Maden faaliyetinin yürütüldüğü Yukarı Maden köyü Muhtarı Rıdvan Peker, "Köyümün var olmasını isteyen birisiyim ve ne diyelim artık köyümüzde yaşanacak bir durum kalmadı. Artık buralarda kimse kalmıyor, vadi boyunca birkaç mahallemiz de var ve oralar kalıyor. Madencinin sınırı yok ki, yarın der ki bu caminin altında çok büyük rezerv var ve biz burayı da kaldıracağız derlerse ki biz şehit mezarlarının buradan kaldırılmasını istemiyoruz" dedi.
Erzincan'ın İliç ilçesinde meydana gelen maden faciasına yol açan Anagold firmasının da hissesinin bulunduğu Artmin Madencilik'in Artvin'de bulunan altın- bakır maden işletmesine tepkiler sürüyor. Yeşil Artvin Derneği Başkanı Neşe Karahan, "Ülkedeki bu maden facialarını durdurmamız gerekir. Herkesin bu sürece destek vermesi gerekiyor" dedi. Karahan, şunları söyledi:
"Erzincan İliç'te daha önce de felaket yaşanmıştı ama İliç'teki büyük felaket yaşanınca insanlar ne oluyor diye ancak şimdi endişeleniyorlar. İliç yıllardır paramparça ediliyor ve aynı endişeleri biz Cerattepe'de şimdi yaşamaya başladık.
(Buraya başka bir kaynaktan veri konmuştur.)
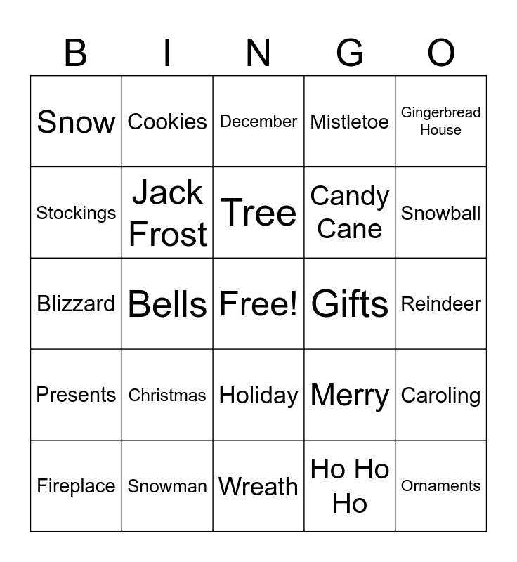 This bingo card has a free space and 38 words: Santa, Saint Nick, Rudolph, Jack Frost, Caroling, Christmas, Tree, Card, Gingerbread House, Candy Cane, Bells, Mistletoe, Ornaments, Reindeer, Stockings, Presents, Eggnog, December, Elves, Gifts, Snow, Snowman, Snowball, Fireplace, Cold, Wreath, North Pole, Nutcracker, Mrs. Clause, Santa’s Hat, Sleigh, Holiday, Ho Ho Ho, Cookies, Joy, Merry, Blizzard and Winter.

Tabi burası Yukarı Maden köyünde de daha büyük bir felaket çanları çalıyor. Burası sadece HOD vadisini yok edecek değil, Artvin'e, Çoruh vadisine ve barajlara da etkisi olacak. Bakın şu andaki çalışmaları görüyorsunuz ve şu an ön hazırlık var ve burada kuru dere diyorlar ama şu an kuru olabilir ama sonrasında yağışlarla beraber etkisini gördük. Bir anda inanılmaz yağışlar yağıyor ve burada doldurdukları toprak sele dönüşüp köyü basabilir. Hemen karşıda gördüğünüz caminin olduğu yereler yem yeşil yerlerdi şimdi ise hallaç pamuğu gibi akmaya başlamış ve henüz başlangıç olmasına rağmen. Bir an önce ülkemin insanın ne olduğunun farkına varmasını istiyoruz. Nasıl bir felaketin içerisinde olduğunu anlatmaya çalışıyoruz, doğamız ve buradaki vadimiz çok kıymetli ve bütün bu dağların altı altın olsa da tümü ülkemize kalsa bile doğanın geriye dönüşü yok. Şu anda en önemli olan temiz hava, temiz su ve burada yaşayan canlılar. Sadece insanlar olarak bakmamak gerekir ve burası yabani hayat açısından da önemli bir yer ve hocalarımızdan bunları öğrenmiş bulunmaktayız. Sadece biz insanlar için değil doğadaki her şey için bu vahşeti durdurmamız gerekir. Ülkedeki bu maden facialarını durdurmamız gerekir. Herkesin bu sürece destek vermesi gerekiyor.
"BÖYLE BİR VAHŞETİ HANGİ ÜLKEDE YAPABİLİRLER?"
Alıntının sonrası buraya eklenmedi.